WASHINGTON — Whether it means opening school track meets to deaf children or developing a new lunch menu with safe alternatives for students with food allergies, recent Obama administration decisions could significantly affect Americans with disabilities. But there’s been little progress in one of the most stubborn challenges: employing the disabled.

According to government labor data, of the 29 million working-age Americans with a disability — those who are 16 years and older — 5.2 million are employed. That’s 18 percent of the disabled population and is down from 20 percent four years ago. The employment rate for people without a disability was 63 percent in February.

The job numbers for the disabled haven’t budged much since the passage of the Americans with Disabilities Act of 1990, which gave millions of disabled people civil rights protections and guaranteed equal opportunity in employment, public accommodations, transportation, government services and more.

The National Council on Disability’s Jeff Rosen said longstanding prejudicial attitudes need to be addressed to boost jobs.

“Employers are still catching on to the fact that the needs of most workers with disabilities aren’t special, but employees with disabilities often bring specialized skills to the workplace,” Rosen said. “Perhaps no one knows how to adapt, think critically or find solutions better than someone who has to do so daily in order to navigate a world that wasn’t built with them in mind.”

Rosen, who is deaf, was named in January as chairman of the council, an independent federal agency that advises the president, Congress and other federal agencies on disability policy.

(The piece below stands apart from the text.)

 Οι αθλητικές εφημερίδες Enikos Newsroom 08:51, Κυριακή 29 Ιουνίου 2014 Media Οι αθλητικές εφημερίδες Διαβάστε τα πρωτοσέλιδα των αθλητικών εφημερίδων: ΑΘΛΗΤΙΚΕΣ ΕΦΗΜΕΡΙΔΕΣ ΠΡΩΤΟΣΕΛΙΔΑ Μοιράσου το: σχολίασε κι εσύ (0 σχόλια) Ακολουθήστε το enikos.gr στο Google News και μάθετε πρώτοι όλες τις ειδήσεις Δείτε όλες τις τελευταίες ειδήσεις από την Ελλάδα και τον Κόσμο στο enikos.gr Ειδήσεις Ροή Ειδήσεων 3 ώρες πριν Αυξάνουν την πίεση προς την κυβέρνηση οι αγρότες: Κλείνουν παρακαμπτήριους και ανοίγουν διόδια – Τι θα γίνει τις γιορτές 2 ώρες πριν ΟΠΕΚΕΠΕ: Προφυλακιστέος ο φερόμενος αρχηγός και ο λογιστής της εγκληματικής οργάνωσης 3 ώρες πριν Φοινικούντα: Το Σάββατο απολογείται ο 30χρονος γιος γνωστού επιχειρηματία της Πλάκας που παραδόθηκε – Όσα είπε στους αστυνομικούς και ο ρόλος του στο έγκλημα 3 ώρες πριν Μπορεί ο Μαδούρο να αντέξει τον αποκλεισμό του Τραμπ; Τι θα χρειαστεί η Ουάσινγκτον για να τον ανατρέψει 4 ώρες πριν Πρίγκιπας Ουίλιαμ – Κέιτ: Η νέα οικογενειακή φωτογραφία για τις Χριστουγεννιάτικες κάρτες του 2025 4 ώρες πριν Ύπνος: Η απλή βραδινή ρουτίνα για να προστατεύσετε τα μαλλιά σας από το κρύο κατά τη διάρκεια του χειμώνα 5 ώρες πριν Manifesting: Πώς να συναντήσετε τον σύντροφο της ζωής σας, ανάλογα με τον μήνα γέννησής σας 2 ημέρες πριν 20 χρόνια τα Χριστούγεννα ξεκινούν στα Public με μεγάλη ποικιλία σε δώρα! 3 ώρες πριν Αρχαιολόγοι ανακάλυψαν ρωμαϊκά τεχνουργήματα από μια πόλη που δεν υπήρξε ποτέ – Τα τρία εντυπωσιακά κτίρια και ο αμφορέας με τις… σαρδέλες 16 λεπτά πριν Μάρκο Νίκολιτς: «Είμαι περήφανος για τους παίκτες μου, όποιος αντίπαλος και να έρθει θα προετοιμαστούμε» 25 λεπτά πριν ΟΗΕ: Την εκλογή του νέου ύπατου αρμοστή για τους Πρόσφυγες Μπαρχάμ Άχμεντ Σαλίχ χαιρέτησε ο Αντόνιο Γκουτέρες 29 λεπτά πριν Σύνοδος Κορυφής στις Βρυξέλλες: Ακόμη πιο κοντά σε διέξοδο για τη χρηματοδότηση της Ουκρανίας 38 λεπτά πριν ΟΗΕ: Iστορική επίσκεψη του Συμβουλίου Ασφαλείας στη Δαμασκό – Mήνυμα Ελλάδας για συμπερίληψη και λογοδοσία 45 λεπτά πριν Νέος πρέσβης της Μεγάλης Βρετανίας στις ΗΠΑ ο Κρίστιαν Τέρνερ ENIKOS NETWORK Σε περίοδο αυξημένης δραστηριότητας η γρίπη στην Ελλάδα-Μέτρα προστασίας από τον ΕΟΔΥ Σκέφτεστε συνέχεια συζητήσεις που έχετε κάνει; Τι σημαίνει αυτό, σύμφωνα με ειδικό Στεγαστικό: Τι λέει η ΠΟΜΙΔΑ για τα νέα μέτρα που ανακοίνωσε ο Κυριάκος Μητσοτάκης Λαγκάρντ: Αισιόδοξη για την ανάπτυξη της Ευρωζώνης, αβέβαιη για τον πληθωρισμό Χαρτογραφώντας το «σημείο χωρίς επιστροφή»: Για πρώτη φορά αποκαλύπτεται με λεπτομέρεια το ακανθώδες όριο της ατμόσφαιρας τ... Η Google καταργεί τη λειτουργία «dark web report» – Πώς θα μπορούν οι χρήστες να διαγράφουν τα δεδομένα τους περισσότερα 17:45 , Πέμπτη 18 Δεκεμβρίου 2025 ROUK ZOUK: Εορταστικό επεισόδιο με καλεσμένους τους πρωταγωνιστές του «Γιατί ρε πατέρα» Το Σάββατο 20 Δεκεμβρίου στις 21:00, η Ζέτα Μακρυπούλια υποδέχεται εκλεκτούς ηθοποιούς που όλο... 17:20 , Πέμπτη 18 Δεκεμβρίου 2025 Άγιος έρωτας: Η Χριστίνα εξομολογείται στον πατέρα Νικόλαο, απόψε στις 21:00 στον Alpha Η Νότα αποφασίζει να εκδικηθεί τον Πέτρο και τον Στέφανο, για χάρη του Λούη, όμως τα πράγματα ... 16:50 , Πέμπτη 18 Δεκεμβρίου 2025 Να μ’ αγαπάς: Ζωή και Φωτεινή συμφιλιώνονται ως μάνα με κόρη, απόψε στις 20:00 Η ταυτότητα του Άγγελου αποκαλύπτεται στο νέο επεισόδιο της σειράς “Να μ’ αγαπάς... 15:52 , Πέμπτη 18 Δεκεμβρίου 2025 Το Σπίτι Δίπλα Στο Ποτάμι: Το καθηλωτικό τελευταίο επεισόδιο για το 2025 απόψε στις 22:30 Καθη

The Obama administration recently has acted to expand the rights of Americans with disabilities in other areas.

The Education Department’s civil rights division released new guidelines that direct schools to provide students with disabilities equal access to extracurricular sports teams. If schools can’t, they should create similar athletic programs for disabled children, the department said.

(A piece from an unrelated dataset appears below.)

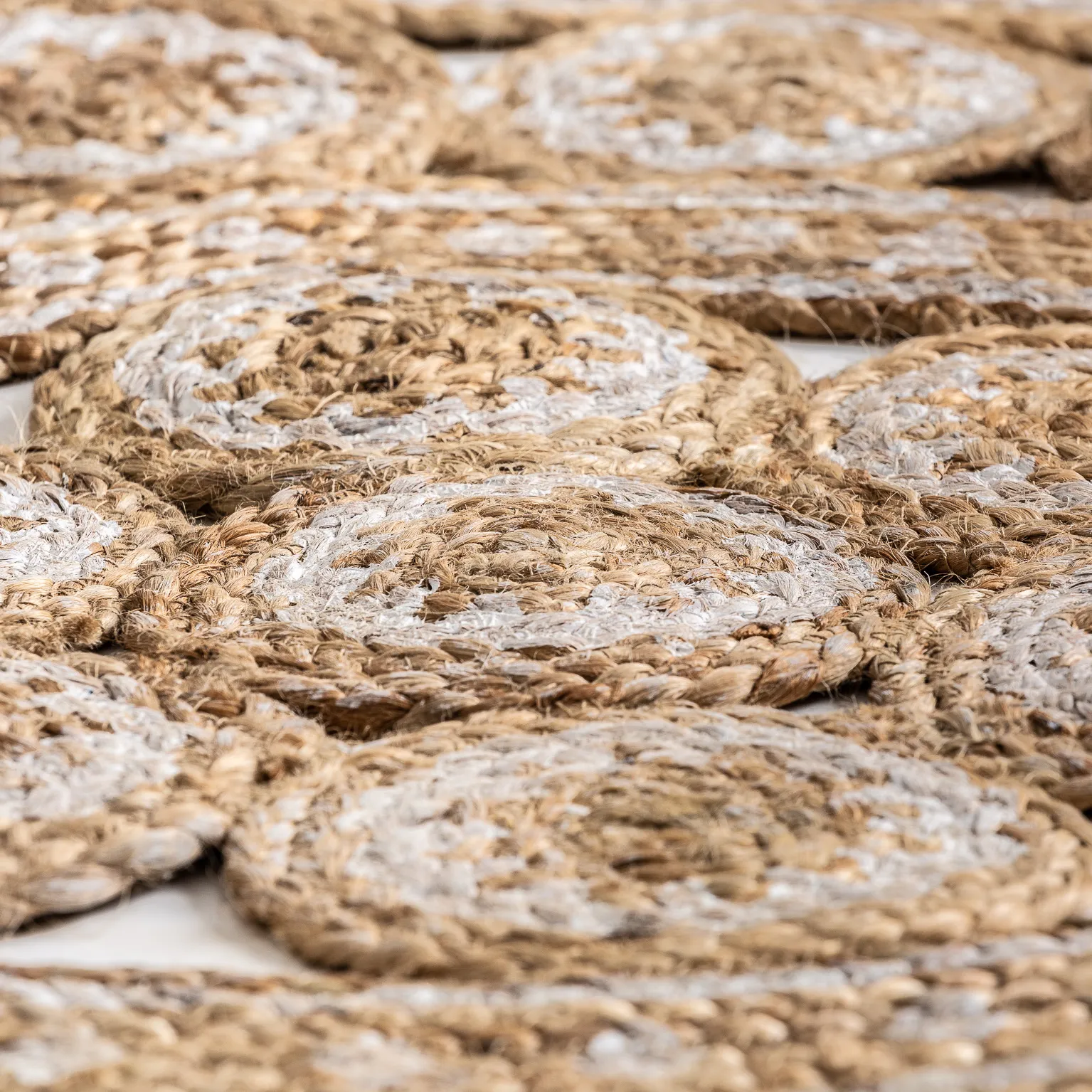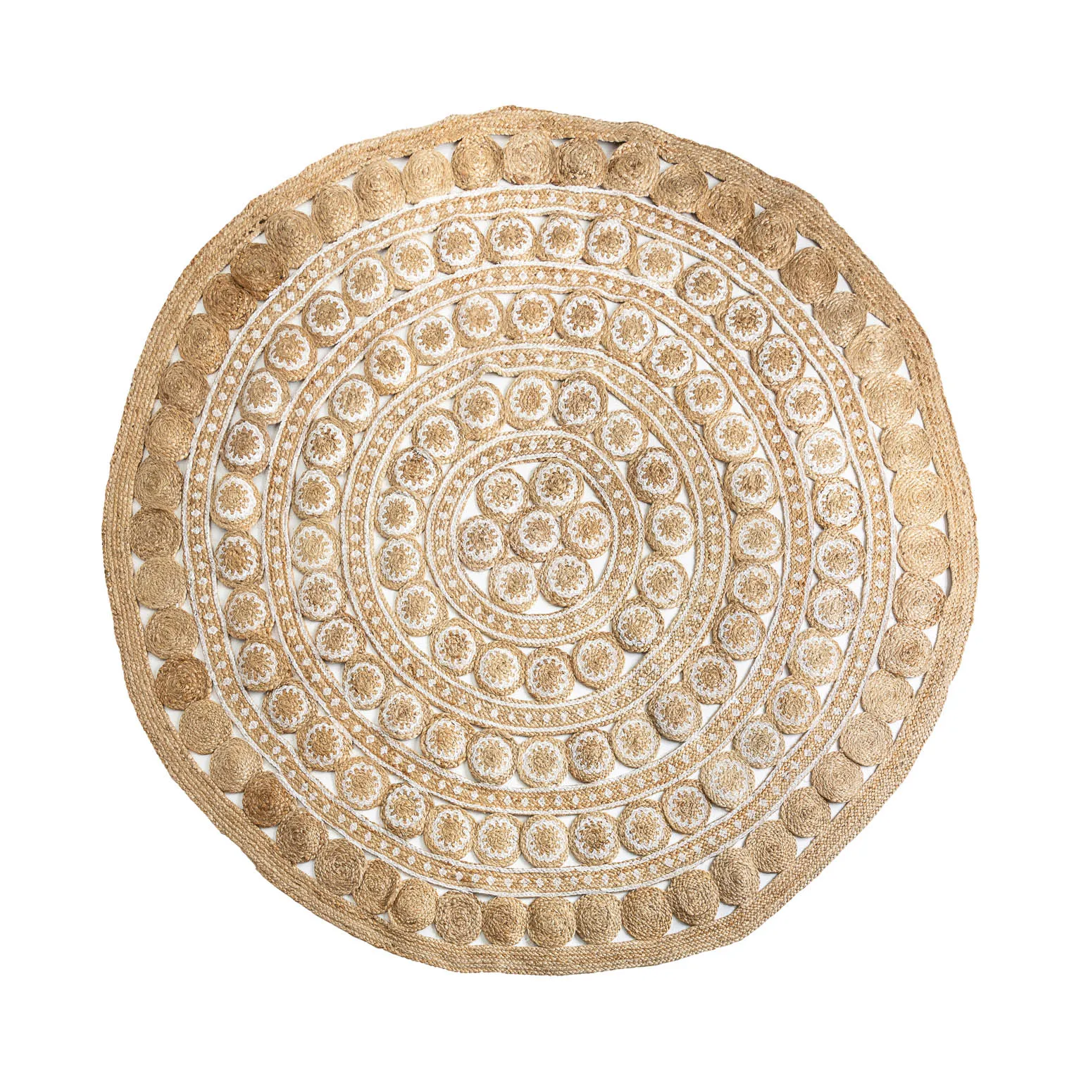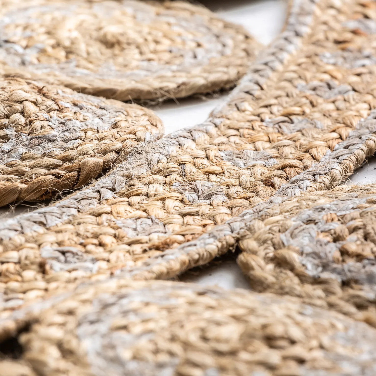 Alfombra Zulai de estilo étnico, fabricado en cáñamo en color arena, combinado con yute.

Also, the Justice Department said in a settlement with a Massachusetts college, Lesley University, that severe food allergies can be considered a disability under the law. That potentially could lead to new menus and accommodations at schools, restaurants and other places to address the needs of people with food allergies.

One silver lining in the lagging employment for the disabled has been federal hiring.

The latest data from the U.S. Office of Personnel Management shows nearly 15 percent of new federal hires between 2010 and 2011 were people with disabilities — almost 19,000 people. That’s up from the previous year when about 10 percent of new hires were people with disabilities.

President Barack Obama signed an executive order in 2010 aimed at improving the federal ranks of people with disabilities. The goal was to add 100,000 disabled people to federal payrolls in five years; that would be within reach if the 2010-2011 hiring numbers were to stick or improve.